Given data
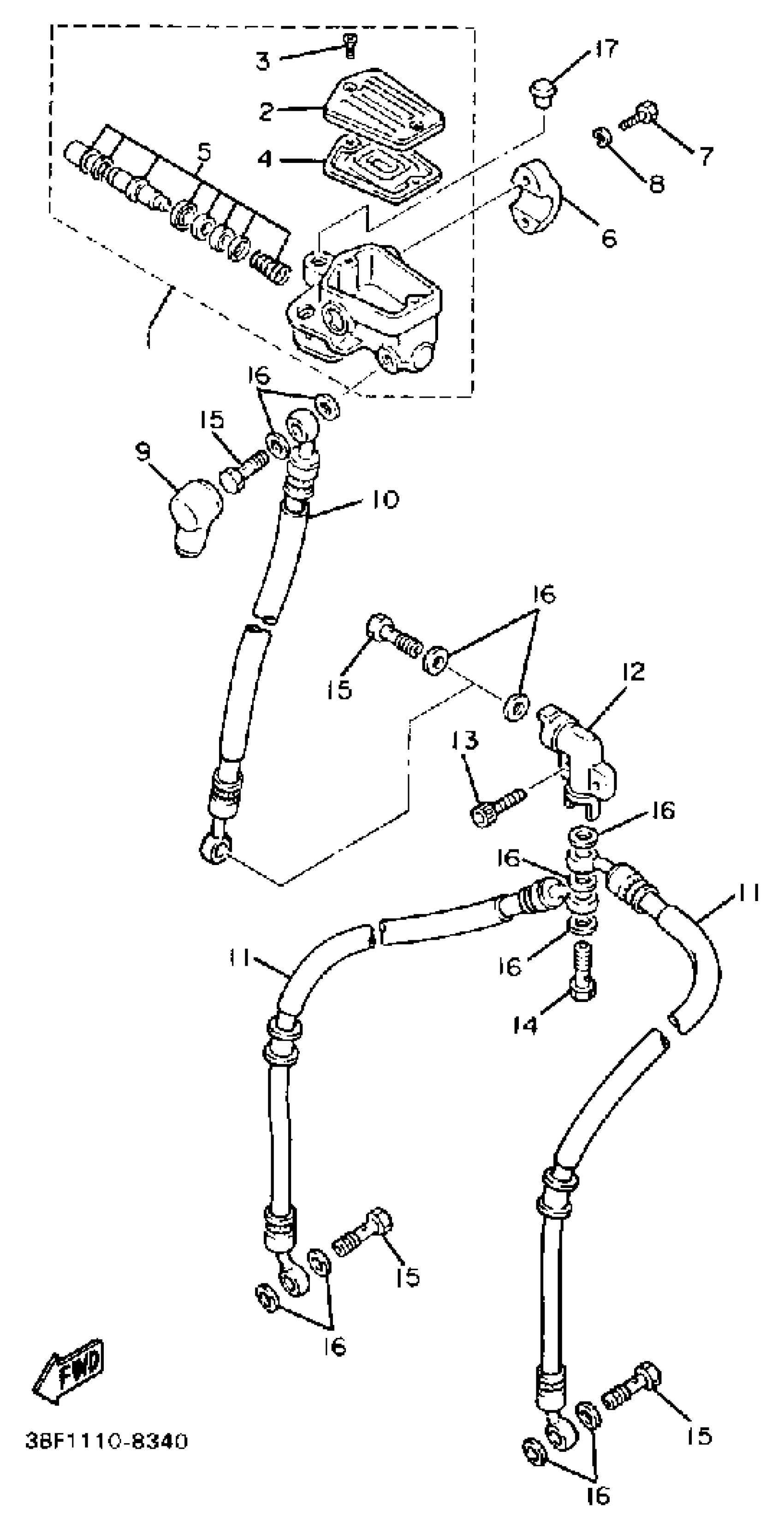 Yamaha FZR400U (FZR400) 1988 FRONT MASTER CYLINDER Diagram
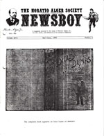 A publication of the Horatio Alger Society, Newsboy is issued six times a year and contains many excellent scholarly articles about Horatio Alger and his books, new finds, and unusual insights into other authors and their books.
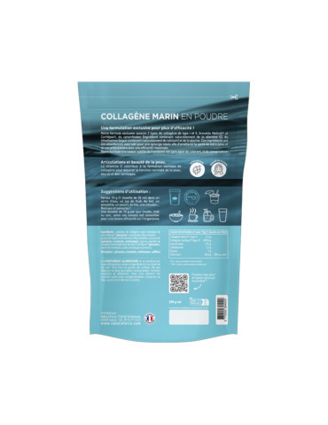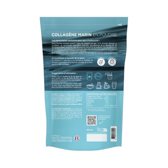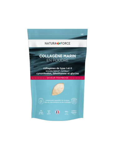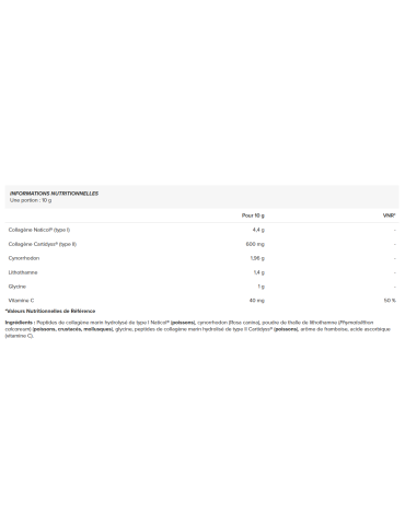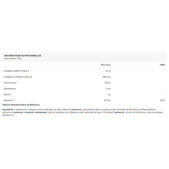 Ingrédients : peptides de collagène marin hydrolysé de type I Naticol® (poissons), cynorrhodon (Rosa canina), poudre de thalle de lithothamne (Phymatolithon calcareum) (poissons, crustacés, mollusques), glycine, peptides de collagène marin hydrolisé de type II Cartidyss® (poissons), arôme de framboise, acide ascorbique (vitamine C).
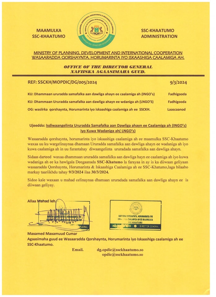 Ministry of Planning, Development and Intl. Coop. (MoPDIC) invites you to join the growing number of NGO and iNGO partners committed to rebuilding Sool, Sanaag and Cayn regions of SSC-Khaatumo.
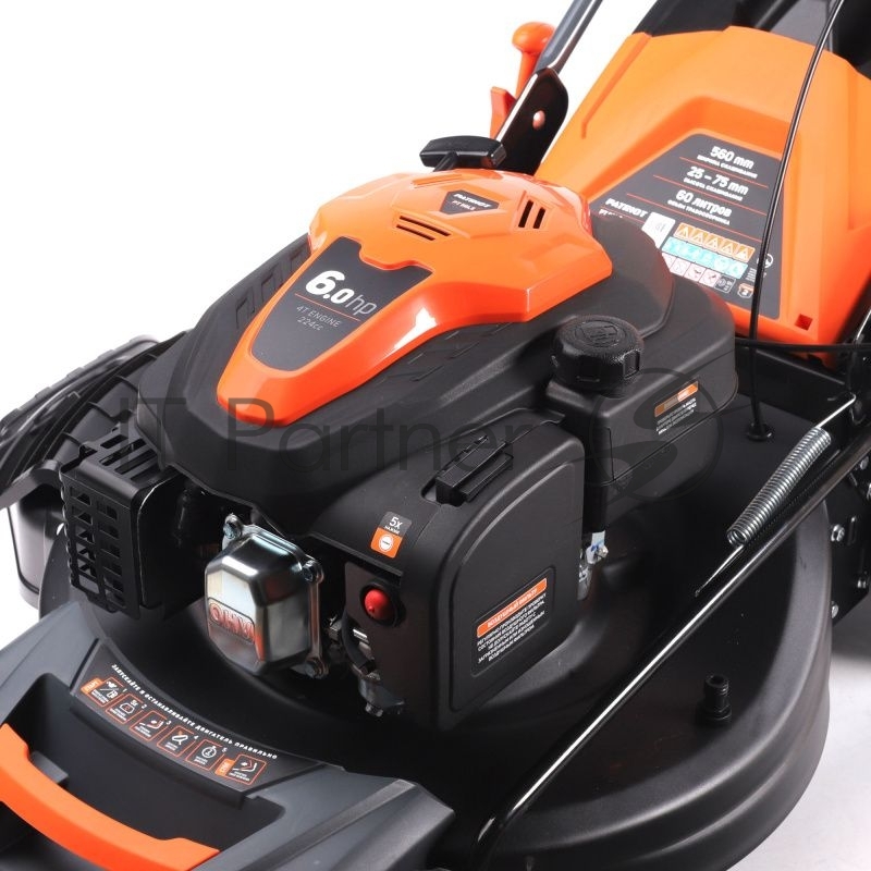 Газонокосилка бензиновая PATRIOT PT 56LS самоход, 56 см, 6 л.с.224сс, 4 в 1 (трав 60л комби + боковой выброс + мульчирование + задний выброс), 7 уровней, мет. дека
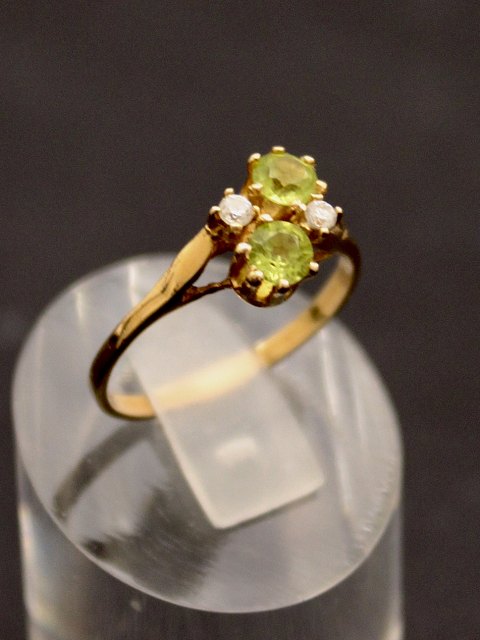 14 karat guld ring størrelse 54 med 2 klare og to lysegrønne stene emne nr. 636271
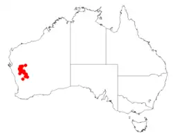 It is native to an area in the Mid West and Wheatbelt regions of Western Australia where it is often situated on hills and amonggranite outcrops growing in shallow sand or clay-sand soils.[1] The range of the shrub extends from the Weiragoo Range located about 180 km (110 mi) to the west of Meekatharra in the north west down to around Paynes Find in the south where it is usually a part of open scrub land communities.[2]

Task goal
Repeat the data in full, exactly as it stands, but drop every picture.

Output of the task
 Yamaha FZR400U (FZR400) 1988 FRONT MASTER CYLINDER Diagram
 A publication of the Horatio Alger Society, Newsboy is issued six times a year and contains many excellent scholarly articles about Horatio Alger and his books, new finds, and unusual insights into other authors and their books.
 Ingrédients : peptides de collagène marin hydrolysé de type I Naticol® (poissons), cynorrhodon (Rosa canina), poudre de thalle de lithothamne (Phymatolithon calcareum) (poissons, crustacés, mollusques), glycine, peptides de collagène marin hydrolisé de type II Cartidyss® (poissons), arôme de framboise, acide ascorbique (vitamine C).
 Ministry of Planning, Development and Intl. Coop. (MoPDIC) invites you to join the growing number of NGO and iNGO partners committed to rebuilding Sool, Sanaag and Cayn regions of SSC-Khaatumo.
 Газонокосилка бензиновая PATRIOT PT 56LS самоход, 56 см, 6 л.с.224сс, 4 в 1 (трав 60л комби + боковой выброс + мульчирование + задний выброс), 7 уровней, мет. дека
 14 karat guld ring størrelse 54 med 2 klare og to lysegrønne stene emne nr. 636271
 It is native to an area in the Mid West and Wheatbelt regions of Western Australia where it is often situated on hills and amonggranite outcrops growing in shallow sand or clay-sand soils.[1] The range of the shrub extends from the Weiragoo Range located about 180 km (110 mi) to the west of Meekatharra in the north west down to around Paynes Find in the south where it is usually a part of open scrub land communities.[2]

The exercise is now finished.